## WHAT TO WORK ON
Retype only the lines below from the one with "ARTÍCULO 4o. PORCENTAJE" to the one with "Schmuckschatulle Etui Mädchen", inclusive, skipping every image.

━━━━━ SOURCE INFORMATION

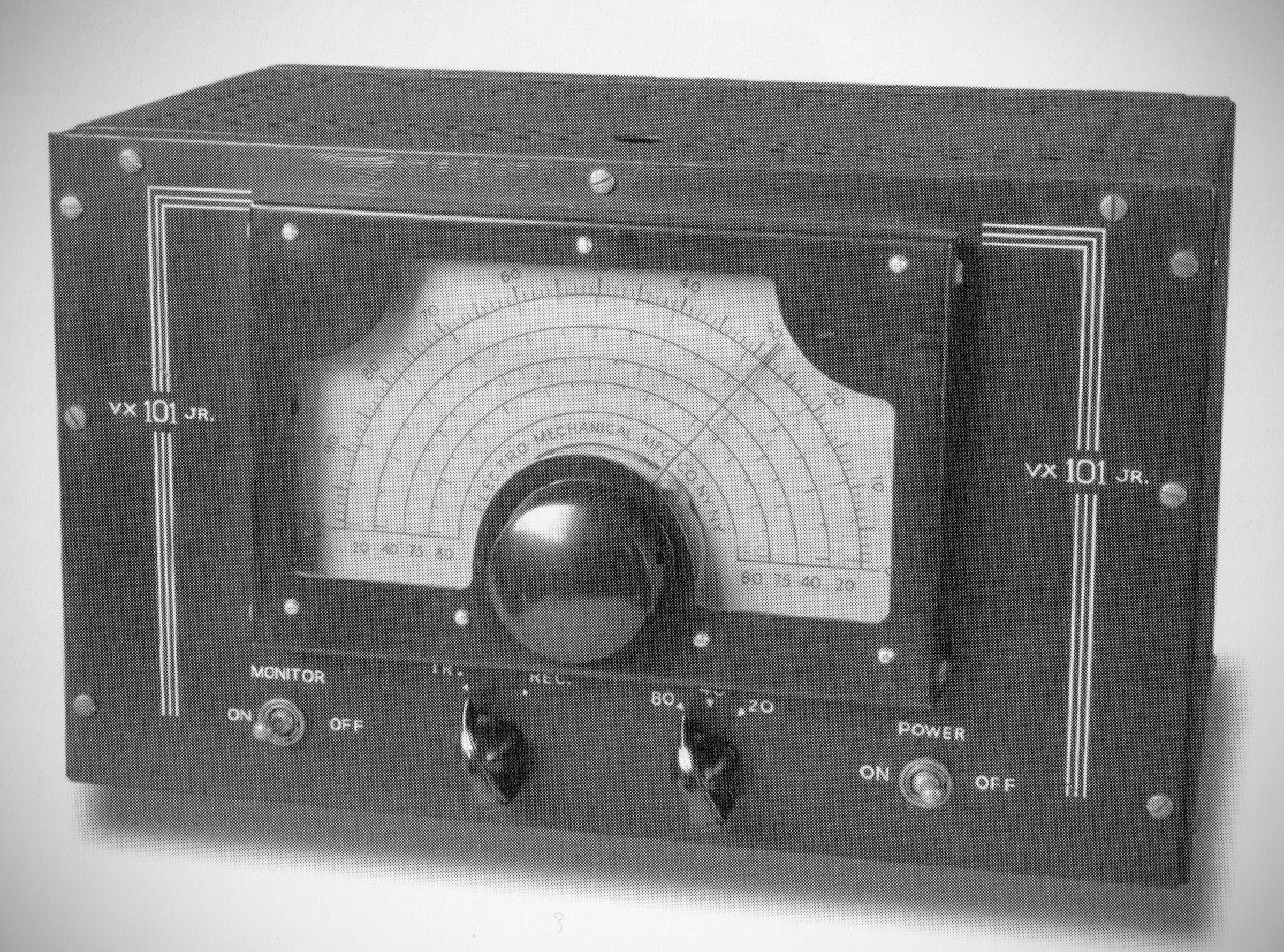The VX-101 Jr. exciter provided band-switching coverage of 80, 40, and 20 meters but had no provision for crystal operation. It was made by the Electro-Mechanical Mfg. company of Long Island City, New York.
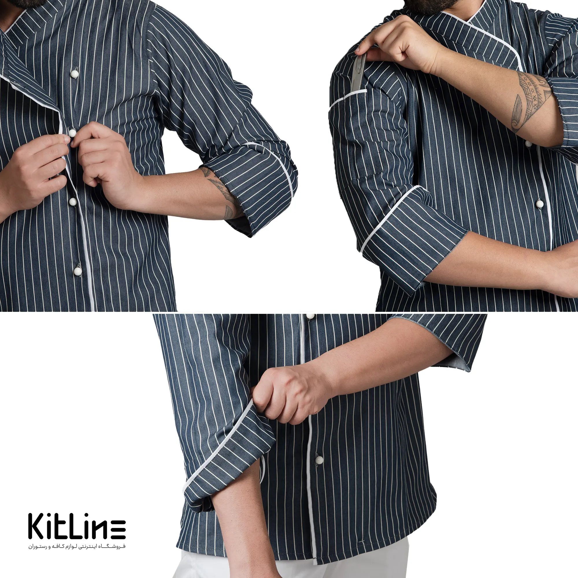 ویژگی‌های روپوش سرآشپز راه راه سرمه ای:
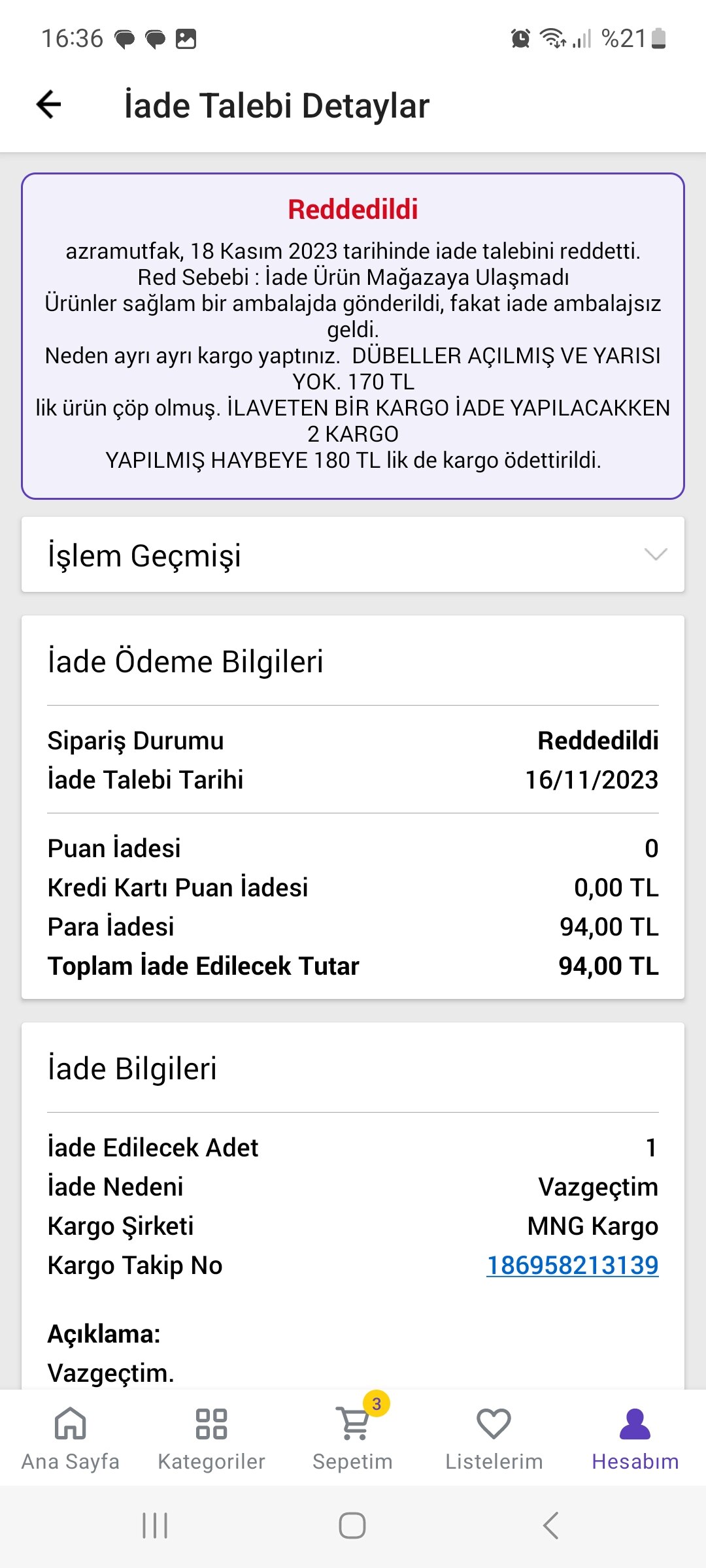 Ölcüler yanlış, mobilyaya uymadi. iki ürün almistim, toplu iade etmek istedim. sistem iki ayri iade kodu verdi ve kargo tek pakette iadeyi kabul etmedi, ayri ayri paket olacak dedi. Güzelce paketleyip patpata bile sardim, Neden iki ayri kargo yaptınız diye satici bana bir de fırça atti. Kargoda ürünler zarar gördü diye satıcı iadeyi reddetti. Kargonun kusurunu bana fatura etmeye çalışıyor. Doksan liraya sattigi bu dübelllerin tanesi piyasada en fazla iki lira. Yazik...
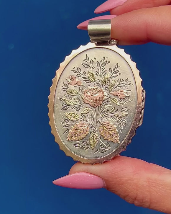VERY GOOD-EXCELLENT: This Victorian Aesthetic Silver & 9ct Gold floral locket is in wonderful condition. The front of the locket is immaculate with all details remaining crisp and defined. The Silver has accrued a light patina creating a lovely contrast against the Gold details and enhancing the engraved details. There are a few light dings on the back of the locket, commensurate with age, which are not noticeable from the front. The locket closes securely and the large bale allows you to suspend it from a chain and wear it with the utmost confidence!
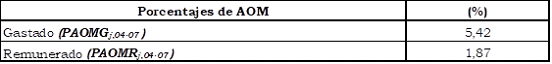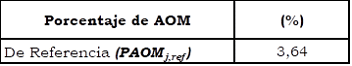 ARTÍCULO 4o. PORCENTAJE DE AOM DE REFERENCIA. <Ver resoluciones que modifican esta resolución en Resumen de Notas de Vigencia> El Porcentaje de AOM de referencia para el OR Distribuidora del Pacífico S. A. E.S.P., calculado en la forma establecida en la Resolución CREG 097 de 2008, es igual a:
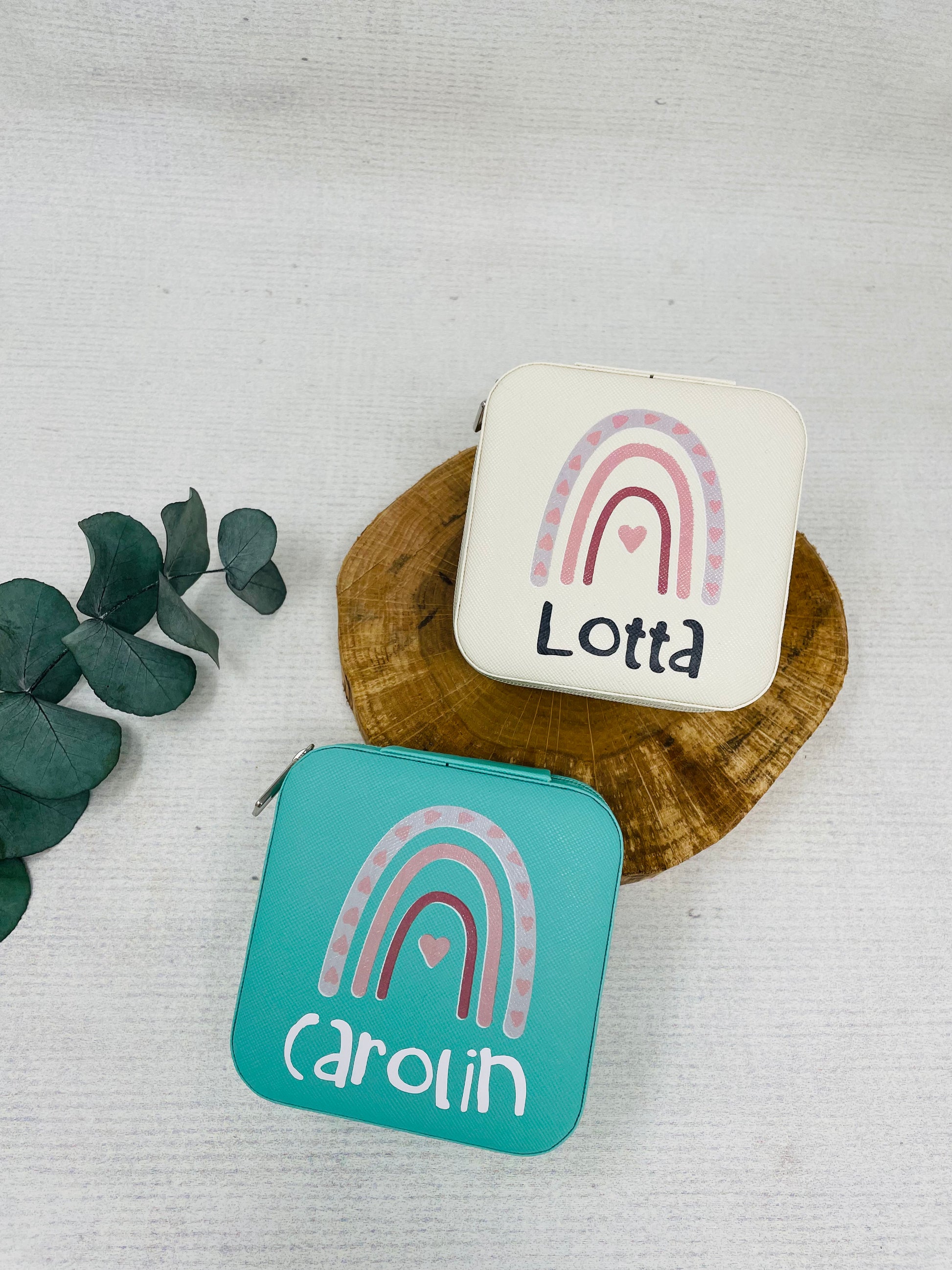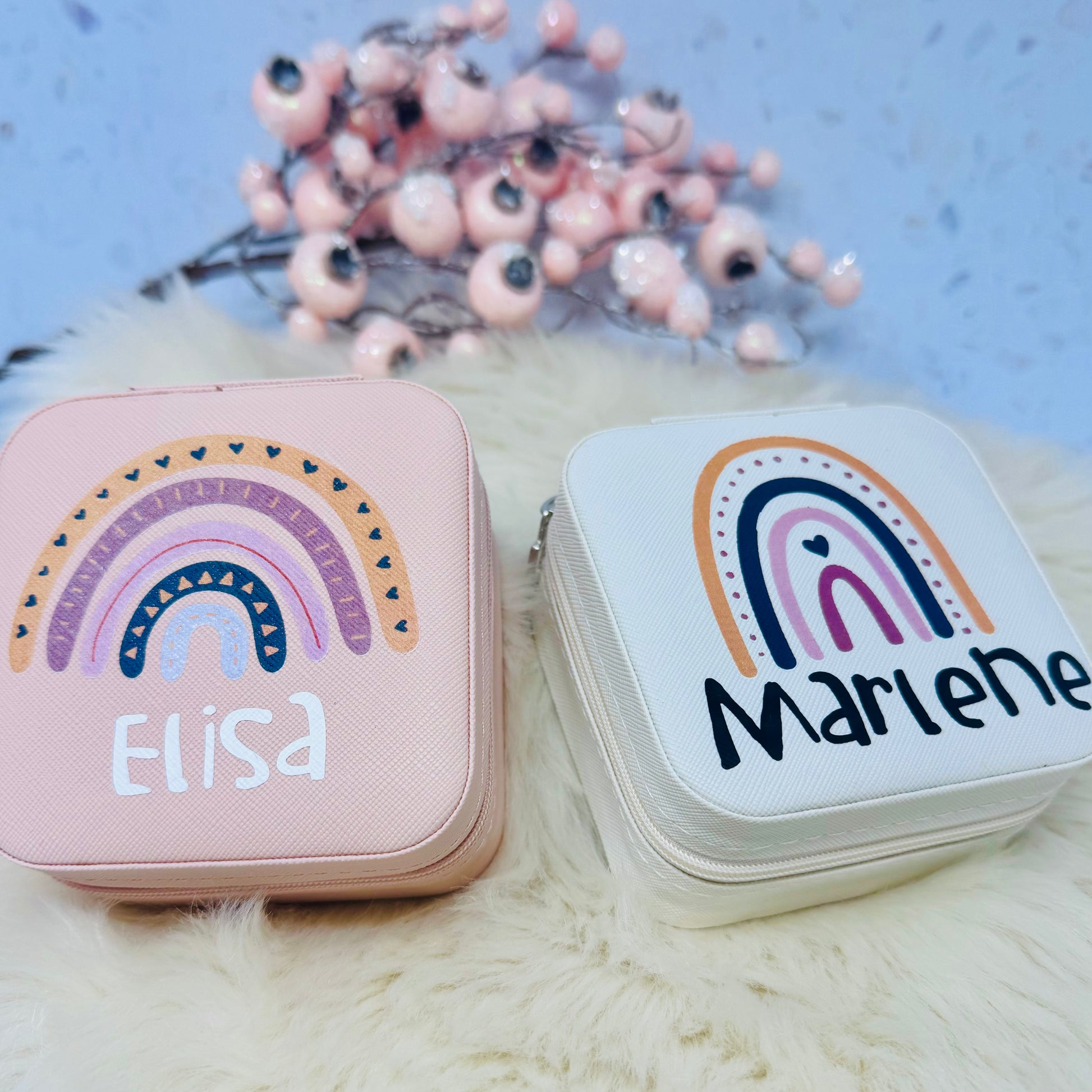 Schmuckschatulle Etui Mädchen - personalisiert mit Namen und Regenbogen- Geschenk Kommunion Einschulung Geburtstag - altweiß
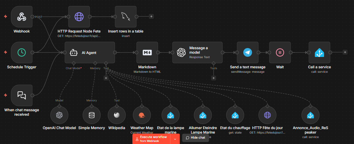 Mais je vous avoue que j’arrive à bout des solutions que ChatGPT et Deepseek me recommandent, j’ai été jusqu’à crée un « orchestrateur » en Python qui servirait de point d’entrée pour les requêtes IA et que c’est ce dernier qui gérerai la mémoire etc… Bref c’étais un bordel sans non et beaucoup trop complexe pour mes capacités ( JE NE SUIS PAS DEV
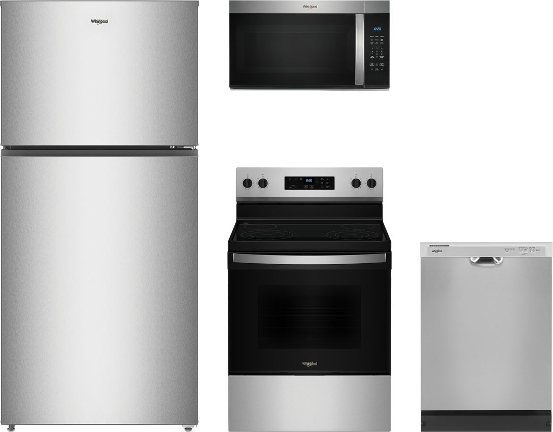 Whirlpool® 4 Piece Stainless Steel Kitchen Package with, top freezer refrigerator, front control built-in dishwasher, freestanding electric range, and over the range microwave.Read More
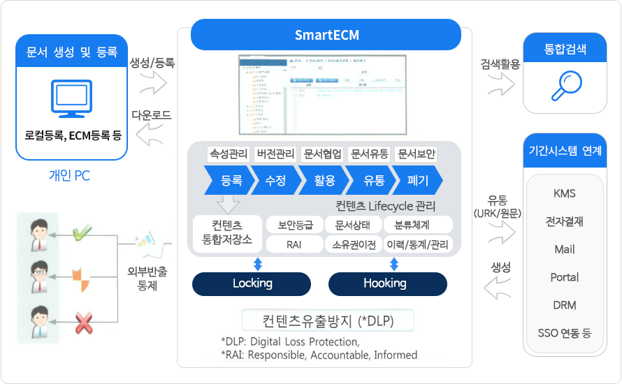 SmartECM은 문서중앙화를 통해 개인문서를 회사 자산화하고 문서활용과 문서보안을 강화하여 일하는 방식을 개선시키는 혁신적인 기업형 ECM 솔루션입니다.
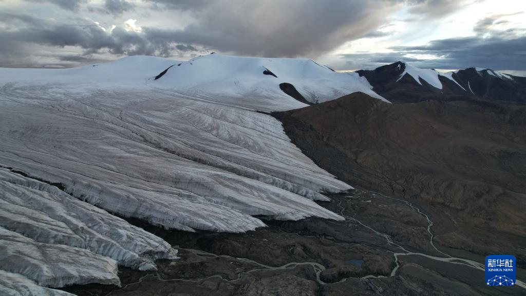 這是9月4日拍攝的普若崗日冰原8號(hào)冰川、消融形成的徑流以及遠(yuǎn)處的令戈錯(cuò)(無(wú)人機(jī)拼接照片)。新華社記者 姜帆 攝
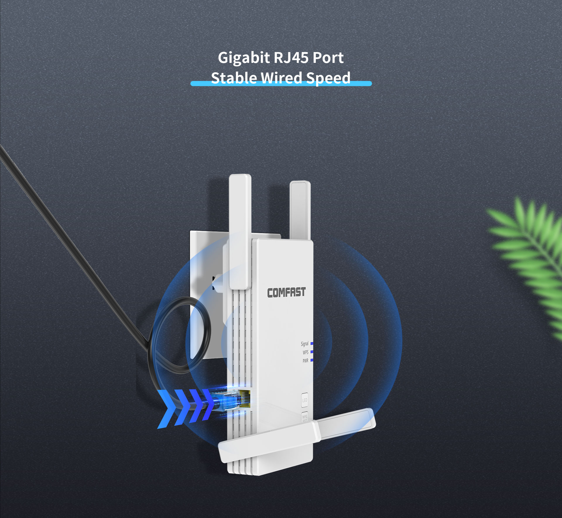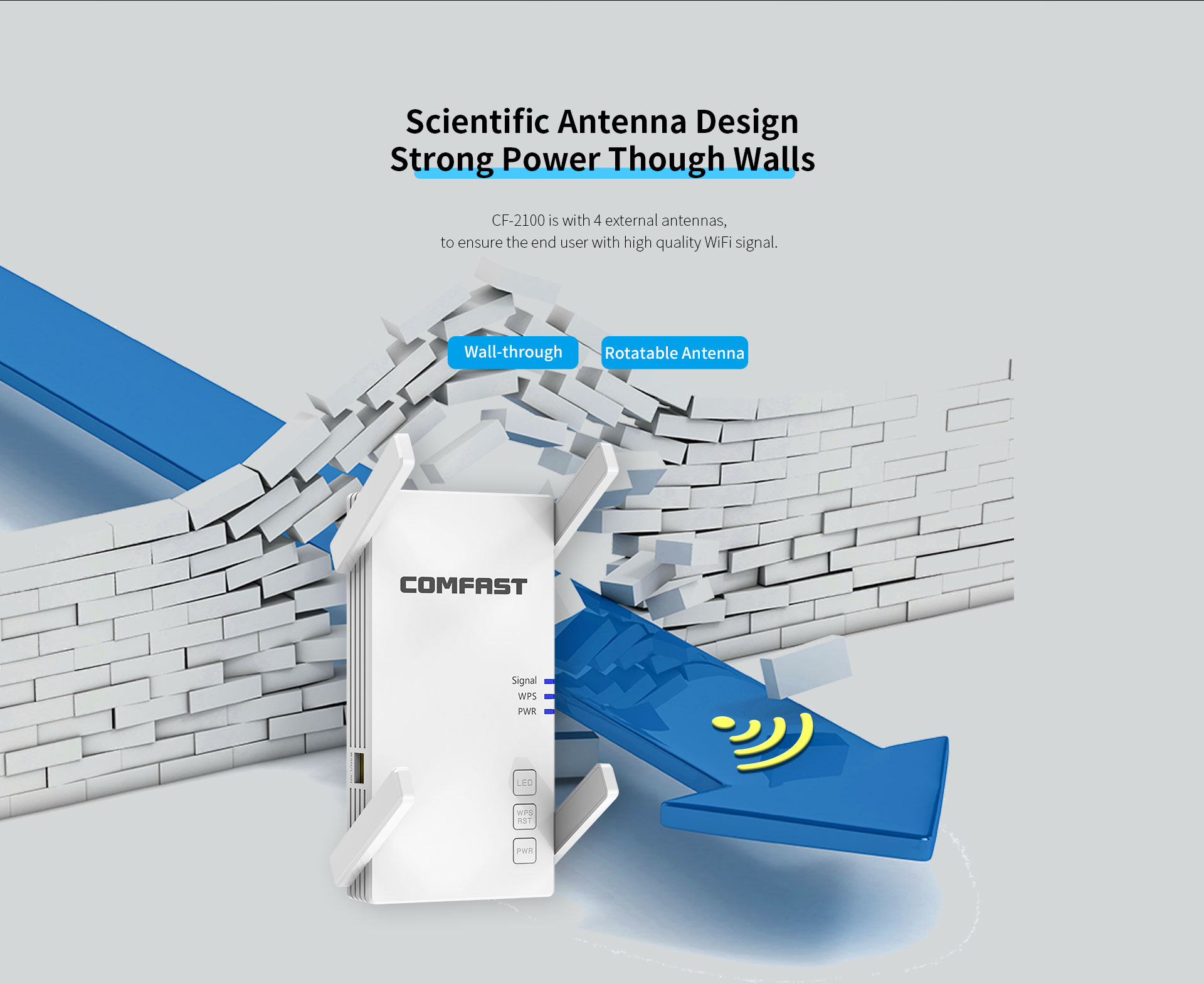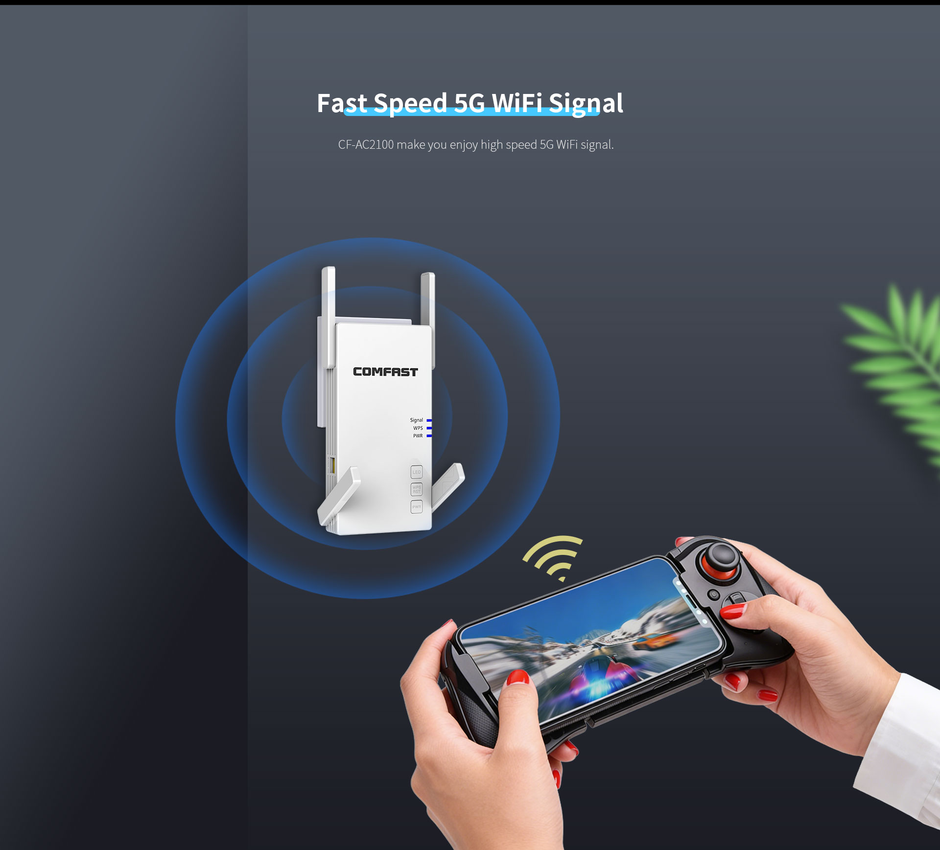 The CF-AC2100 is a high-performance 2100Mbps dual-band WiFi signal booster, designed to meet premium networking demands in large, multi-story, and complex home layouts. It extends 5G WiFi coverage via a powerful quad-antenna system and features a Gigabit port for stable wired expansion, effortlessly eliminating dead zones for lag-free streaming, gaming, and HD video.

━━━━━━━━━━

## RESPONSE
 ARTÍCULO 4o. PORCENTAJE DE AOM DE REFERENCIA. <Ver resoluciones que modifican esta resolución en Resumen de Notas de Vigencia> El Porcentaje de AOM de referencia para el OR Distribuidora del Pacífico S. A. E.S.P., calculado en la forma establecida en la Resolución CREG 097 de 2008, es igual a:
 Schmuckschatulle Etui Mädchen - personalisiert mit Namen und Regenbogen- Geschenk Kommunion Einschulung Geburtstag - altweiß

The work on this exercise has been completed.